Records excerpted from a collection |
# # #

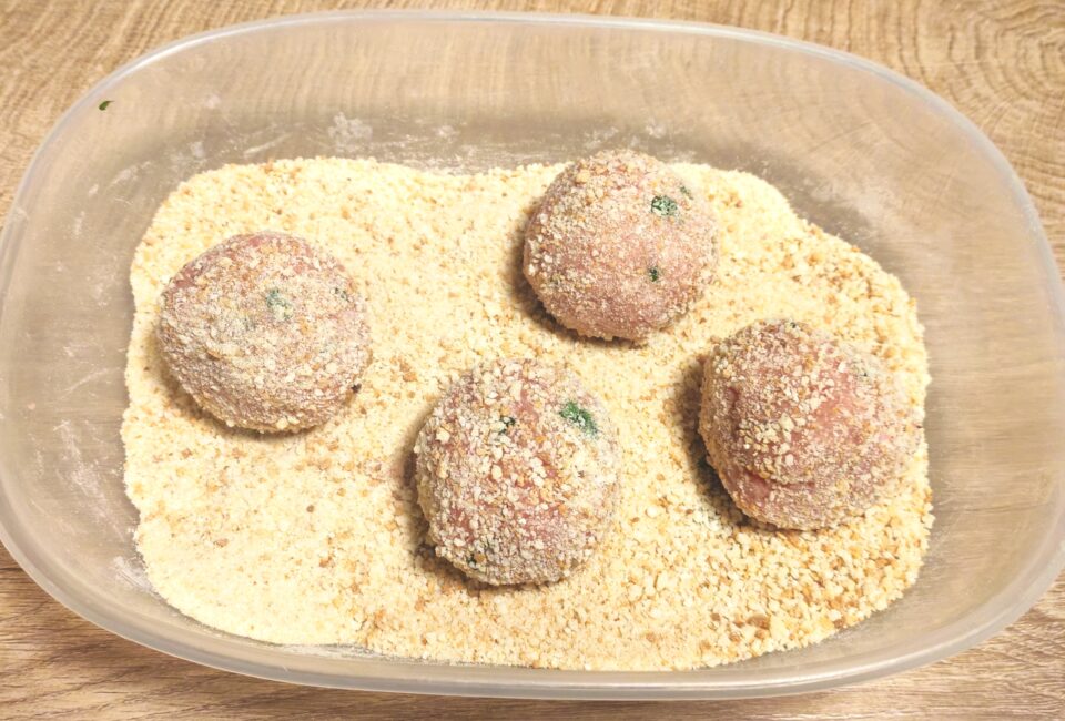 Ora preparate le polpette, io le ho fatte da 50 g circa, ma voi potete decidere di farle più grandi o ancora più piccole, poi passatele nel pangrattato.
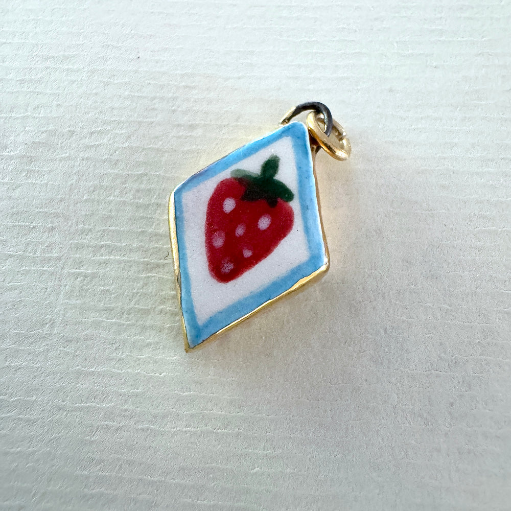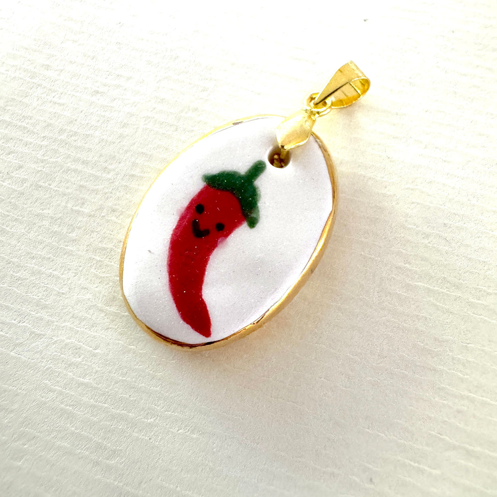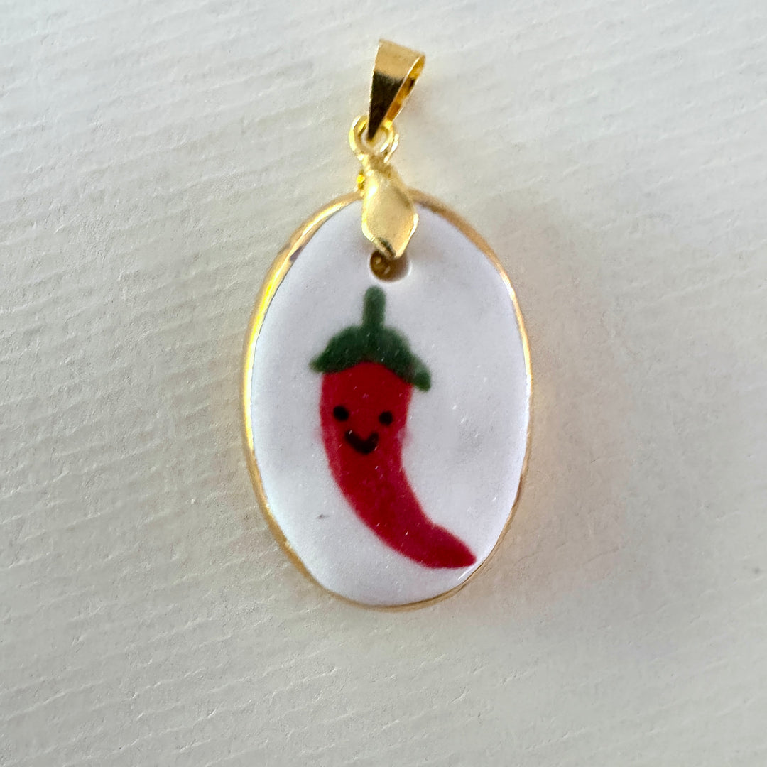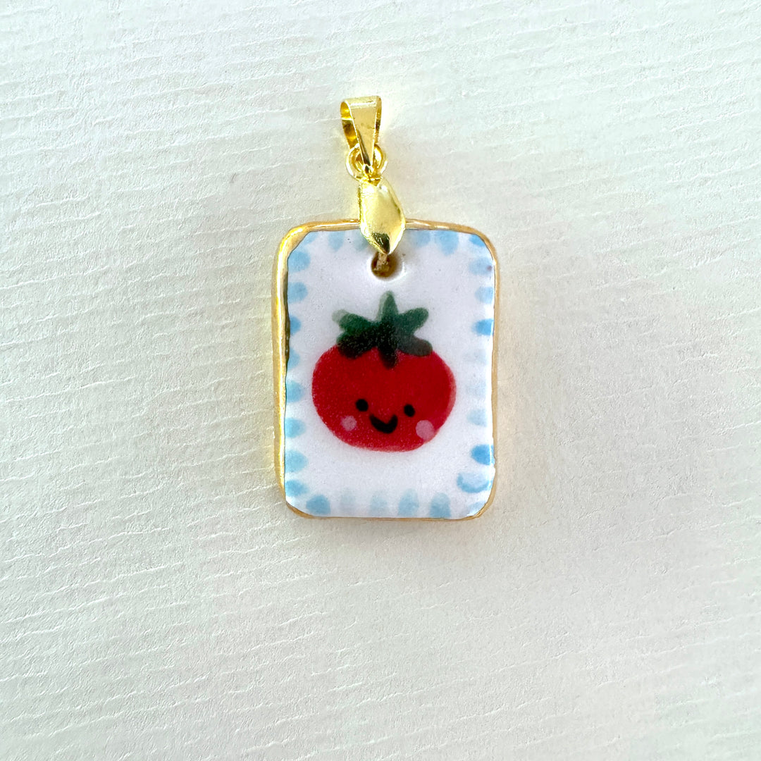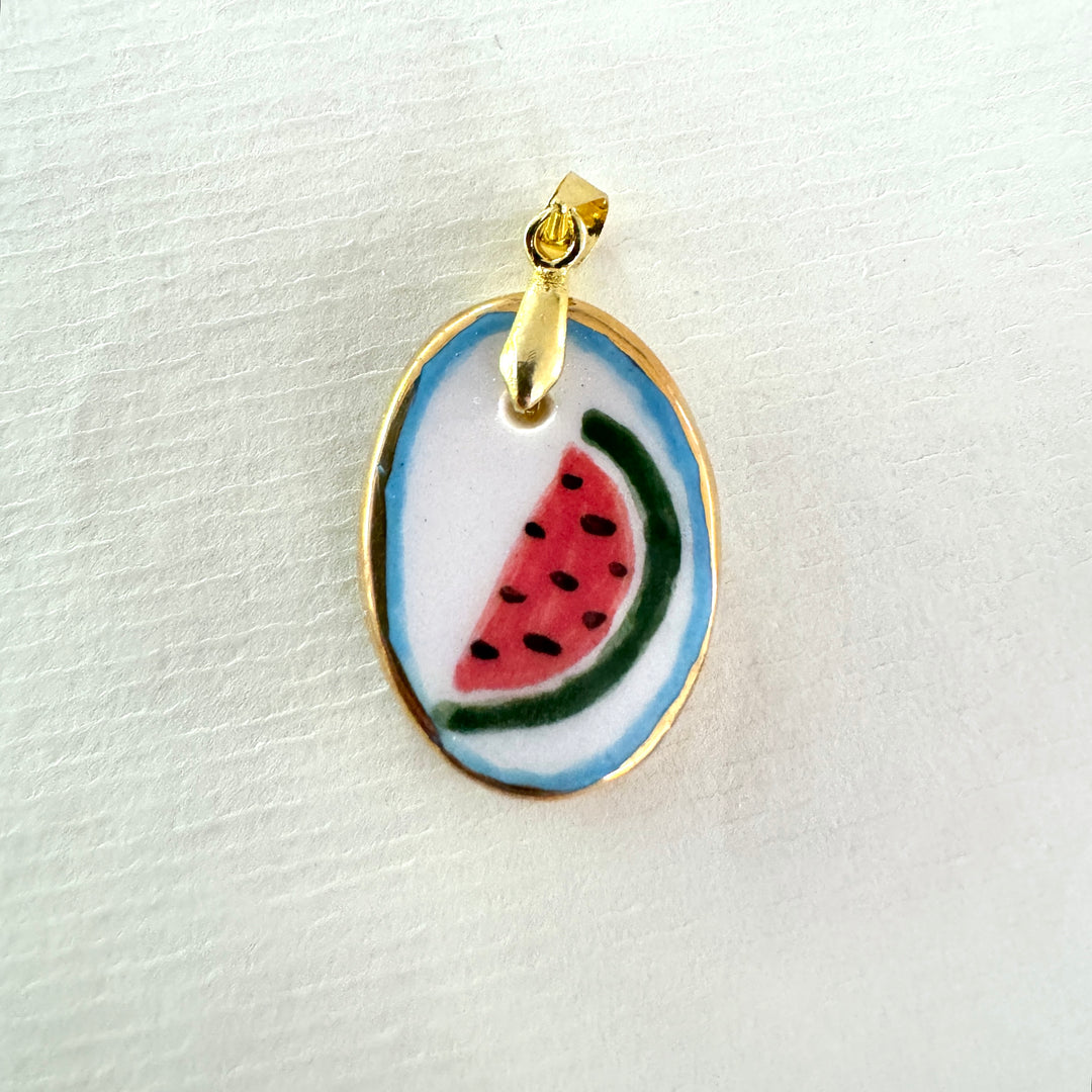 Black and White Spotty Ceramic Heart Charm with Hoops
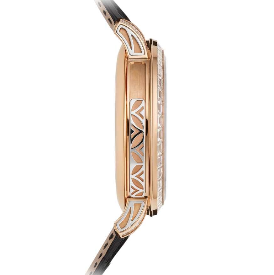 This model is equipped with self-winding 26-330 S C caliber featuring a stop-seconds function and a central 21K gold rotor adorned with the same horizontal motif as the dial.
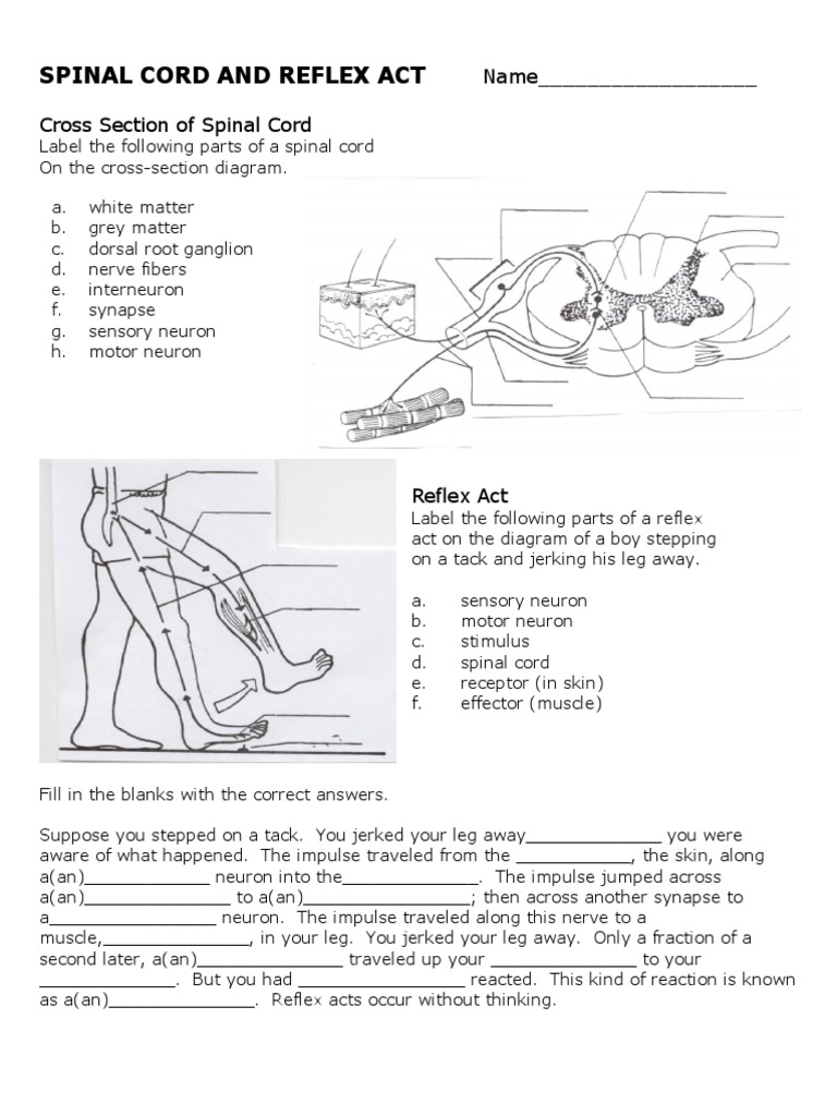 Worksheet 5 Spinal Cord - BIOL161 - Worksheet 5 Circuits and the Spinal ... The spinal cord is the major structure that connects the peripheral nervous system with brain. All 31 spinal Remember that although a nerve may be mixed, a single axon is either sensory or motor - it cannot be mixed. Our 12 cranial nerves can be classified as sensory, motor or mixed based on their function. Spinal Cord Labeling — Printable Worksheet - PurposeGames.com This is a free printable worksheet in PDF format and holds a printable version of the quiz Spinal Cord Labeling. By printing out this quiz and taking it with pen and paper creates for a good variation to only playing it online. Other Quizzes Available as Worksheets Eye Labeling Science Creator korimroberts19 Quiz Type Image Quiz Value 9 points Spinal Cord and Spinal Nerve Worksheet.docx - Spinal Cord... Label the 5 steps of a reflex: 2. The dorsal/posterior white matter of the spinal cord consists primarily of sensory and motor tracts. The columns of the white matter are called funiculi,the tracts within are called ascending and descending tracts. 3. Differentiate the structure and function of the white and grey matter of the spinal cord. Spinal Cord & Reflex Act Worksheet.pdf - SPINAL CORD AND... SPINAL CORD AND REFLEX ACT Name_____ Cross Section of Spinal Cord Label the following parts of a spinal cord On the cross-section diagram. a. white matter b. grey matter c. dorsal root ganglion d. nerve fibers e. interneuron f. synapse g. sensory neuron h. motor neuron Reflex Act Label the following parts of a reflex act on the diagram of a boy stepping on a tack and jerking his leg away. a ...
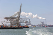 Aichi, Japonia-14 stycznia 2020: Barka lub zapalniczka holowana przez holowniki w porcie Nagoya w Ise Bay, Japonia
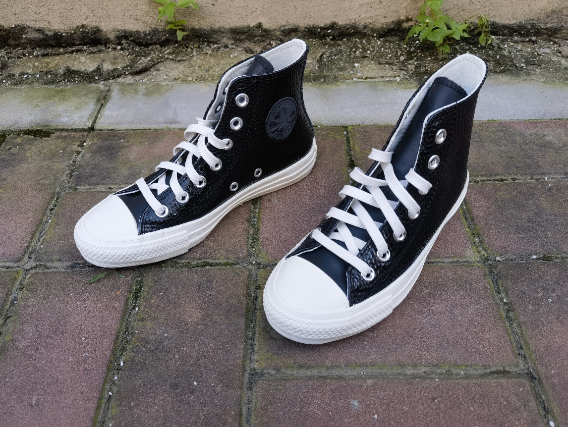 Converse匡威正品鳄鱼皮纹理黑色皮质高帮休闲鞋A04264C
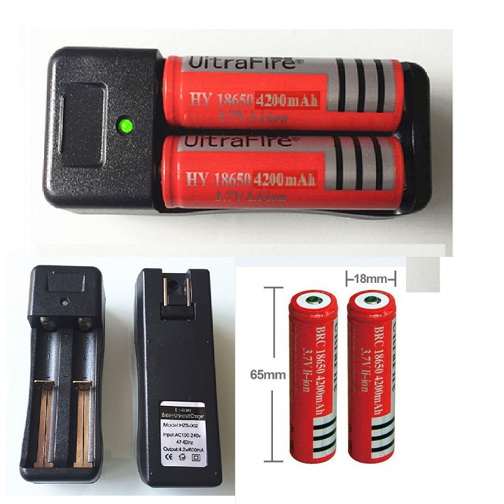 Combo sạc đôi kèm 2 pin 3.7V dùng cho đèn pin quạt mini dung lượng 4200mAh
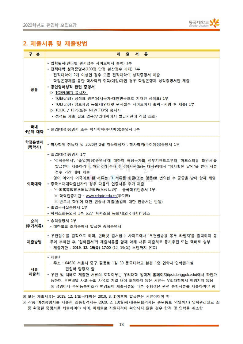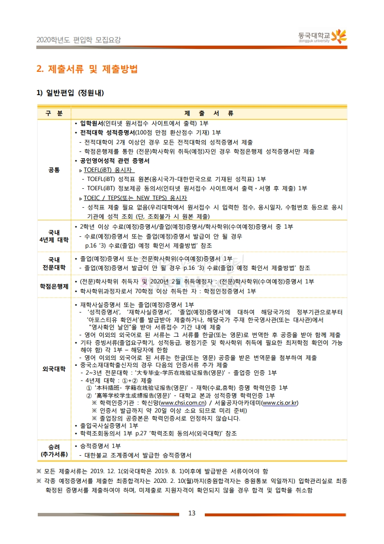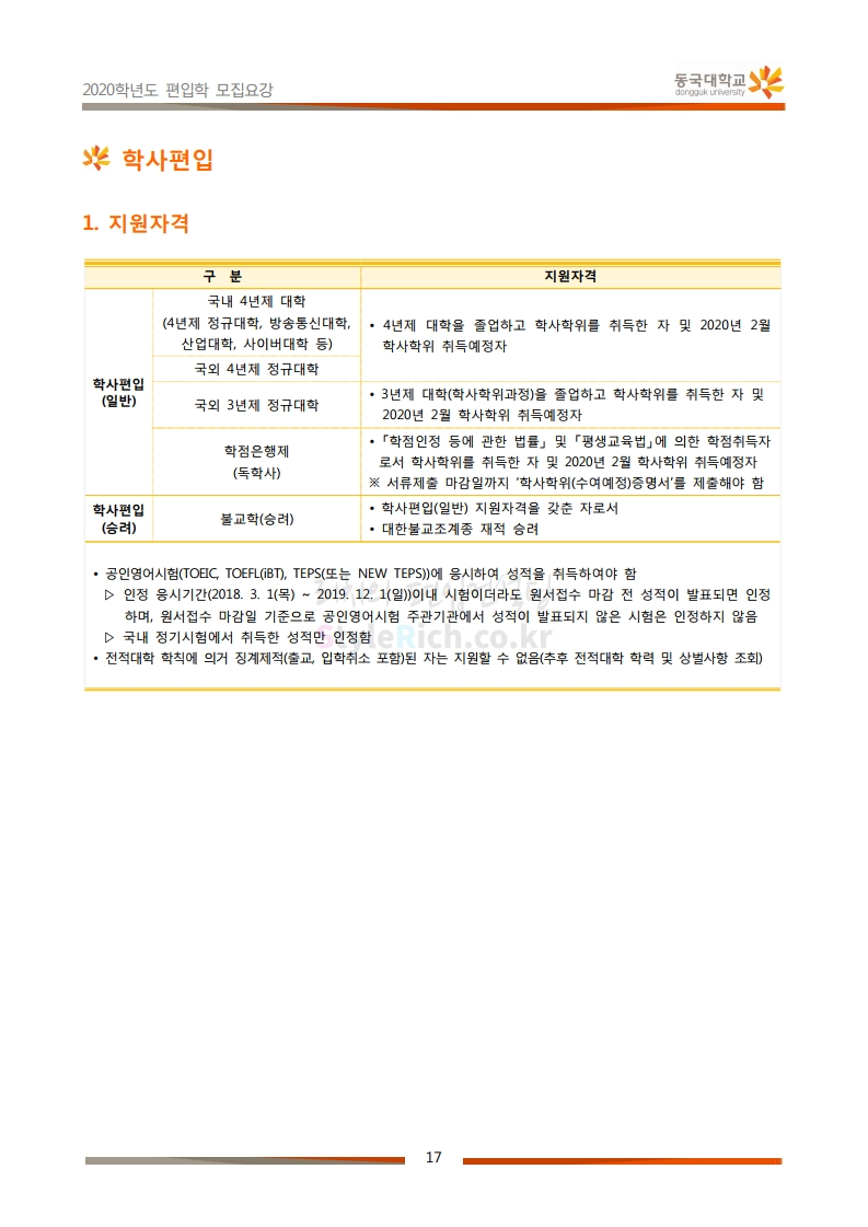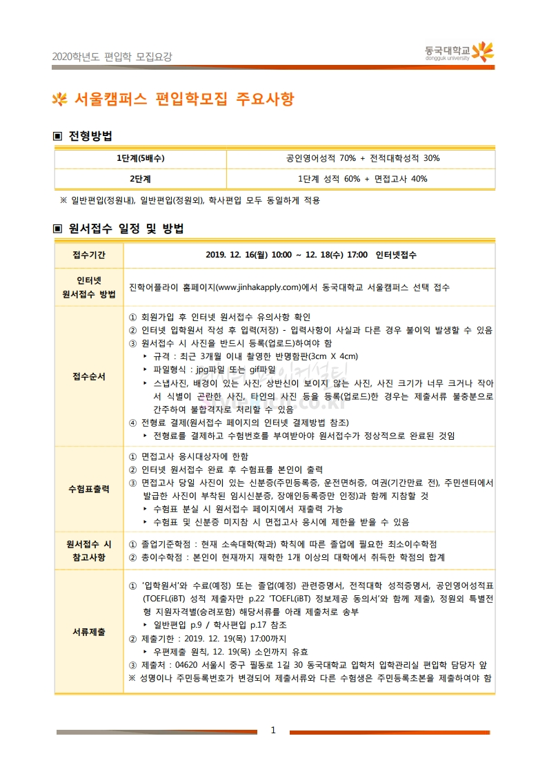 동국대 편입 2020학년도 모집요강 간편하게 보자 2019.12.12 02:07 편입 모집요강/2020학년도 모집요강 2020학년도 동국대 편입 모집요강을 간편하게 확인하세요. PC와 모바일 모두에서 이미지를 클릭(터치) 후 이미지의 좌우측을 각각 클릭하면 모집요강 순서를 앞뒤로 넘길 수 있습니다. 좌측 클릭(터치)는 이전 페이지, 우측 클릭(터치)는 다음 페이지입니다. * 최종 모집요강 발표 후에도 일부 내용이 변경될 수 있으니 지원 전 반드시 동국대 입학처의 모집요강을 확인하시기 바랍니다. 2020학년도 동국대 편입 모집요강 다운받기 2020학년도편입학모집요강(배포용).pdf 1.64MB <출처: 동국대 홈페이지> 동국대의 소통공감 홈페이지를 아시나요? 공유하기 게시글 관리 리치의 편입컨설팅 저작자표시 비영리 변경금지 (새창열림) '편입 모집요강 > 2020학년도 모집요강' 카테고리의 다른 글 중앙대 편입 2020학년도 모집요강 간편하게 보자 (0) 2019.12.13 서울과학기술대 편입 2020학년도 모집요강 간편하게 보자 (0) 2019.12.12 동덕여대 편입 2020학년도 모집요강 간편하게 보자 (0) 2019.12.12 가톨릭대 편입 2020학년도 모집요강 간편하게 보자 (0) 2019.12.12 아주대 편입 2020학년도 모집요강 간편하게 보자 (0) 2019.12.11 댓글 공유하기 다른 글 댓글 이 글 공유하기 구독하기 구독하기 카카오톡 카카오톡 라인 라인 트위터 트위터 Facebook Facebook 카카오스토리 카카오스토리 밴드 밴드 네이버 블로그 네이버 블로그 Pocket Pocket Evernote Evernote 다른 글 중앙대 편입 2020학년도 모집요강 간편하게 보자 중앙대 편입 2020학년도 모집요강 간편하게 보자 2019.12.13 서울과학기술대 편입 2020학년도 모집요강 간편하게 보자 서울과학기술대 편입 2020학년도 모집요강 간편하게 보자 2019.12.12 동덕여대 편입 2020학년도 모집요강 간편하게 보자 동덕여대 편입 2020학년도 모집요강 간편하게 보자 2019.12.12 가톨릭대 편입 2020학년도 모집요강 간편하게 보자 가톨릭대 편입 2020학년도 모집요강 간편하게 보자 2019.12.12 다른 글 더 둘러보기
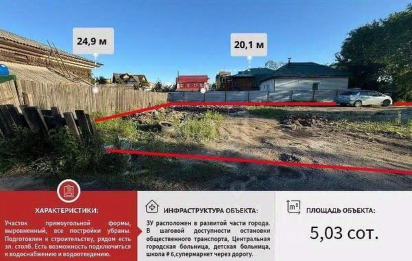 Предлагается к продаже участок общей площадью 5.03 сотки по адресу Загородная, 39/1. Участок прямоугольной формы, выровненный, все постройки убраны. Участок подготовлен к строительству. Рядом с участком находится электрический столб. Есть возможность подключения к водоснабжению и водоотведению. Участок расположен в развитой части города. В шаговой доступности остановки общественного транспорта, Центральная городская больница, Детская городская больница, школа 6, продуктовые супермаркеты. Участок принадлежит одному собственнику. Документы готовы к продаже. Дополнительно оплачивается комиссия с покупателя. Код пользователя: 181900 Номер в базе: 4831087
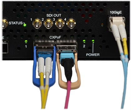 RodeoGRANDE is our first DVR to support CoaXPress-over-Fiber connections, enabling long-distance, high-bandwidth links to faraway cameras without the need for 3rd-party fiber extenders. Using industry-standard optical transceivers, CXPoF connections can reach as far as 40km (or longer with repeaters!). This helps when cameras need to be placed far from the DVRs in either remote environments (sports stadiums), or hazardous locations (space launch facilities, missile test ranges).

# # #

Try it |
Using the entries above, reproduce word for word only the lines from the one that contains "Aichi, Japonia-14 stycznia" to the one that contains "동국대 편입 2020학년도", both ends included, and drop every picture.

Response area |
 Aichi, Japonia-14 stycznia 2020: Barka lub zapalniczka holowana przez holowniki w porcie Nagoya w Ise Bay, Japonia
 Converse匡威正品鳄鱼皮纹理黑色皮质高帮休闲鞋A04264C
 Combo sạc đôi kèm 2 pin 3.7V dùng cho đèn pin quạt mini dung lượng 4200mAh
 동국대 편입 2020학년도 모집요강 간편하게 보자 2019.12.12 02:07 편입 모집요강/2020학년도 모집요강 2020학년도 동국대 편입 모집요강을 간편하게 확인하세요. PC와 모바일 모두에서 이미지를 클릭(터치) 후 이미지의 좌우측을 각각 클릭하면 모집요강 순서를 앞뒤로 넘길 수 있습니다. 좌측 클릭(터치)는 이전 페이지, 우측 클릭(터치)는 다음 페이지입니다. * 최종 모집요강 발표 후에도 일부 내용이 변경될 수 있으니 지원 전 반드시 동국대 입학처의 모집요강을 확인하시기 바랍니다. 2020학년도 동국대 편입 모집요강 다운받기 2020학년도편입학모집요강(배포용).pdf 1.64MB <출처: 동국대 홈페이지> 동국대의 소통공감 홈페이지를 아시나요? 공유하기 게시글 관리 리치의 편입컨설팅 저작자표시 비영리 변경금지 (새창열림) '편입 모집요강 > 2020학년도 모집요강' 카테고리의 다른 글 중앙대 편입 2020학년도 모집요강 간편하게 보자 (0) 2019.12.13 서울과학기술대 편입 2020학년도 모집요강 간편하게 보자 (0) 2019.12.12 동덕여대 편입 2020학년도 모집요강 간편하게 보자 (0) 2019.12.12 가톨릭대 편입 2020학년도 모집요강 간편하게 보자 (0) 2019.12.12 아주대 편입 2020학년도 모집요강 간편하게 보자 (0) 2019.12.11 댓글 공유하기 다른 글 댓글 이 글 공유하기 구독하기 구독하기 카카오톡 카카오톡 라인 라인 트위터 트위터 Facebook Facebook 카카오스토리 카카오스토리 밴드 밴드 네이버 블로그 네이버 블로그 Pocket Pocket Evernote Evernote 다른 글 중앙대 편입 2020학년도 모집요강 간편하게 보자 중앙대 편입 2020학년도 모집요강 간편하게 보자 2019.12.13 서울과학기술대 편입 2020학년도 모집요강 간편하게 보자 서울과학기술대 편입 2020학년도 모집요강 간편하게 보자 2019.12.12 동덕여대 편입 2020학년도 모집요강 간편하게 보자 동덕여대 편입 2020학년도 모집요강 간편하게 보자 2019.12.12 가톨릭대 편입 2020학년도 모집요강 간편하게 보자 가톨릭대 편입 2020학년도 모집요강 간편하게 보자 2019.12.12 다른 글 더 둘러보기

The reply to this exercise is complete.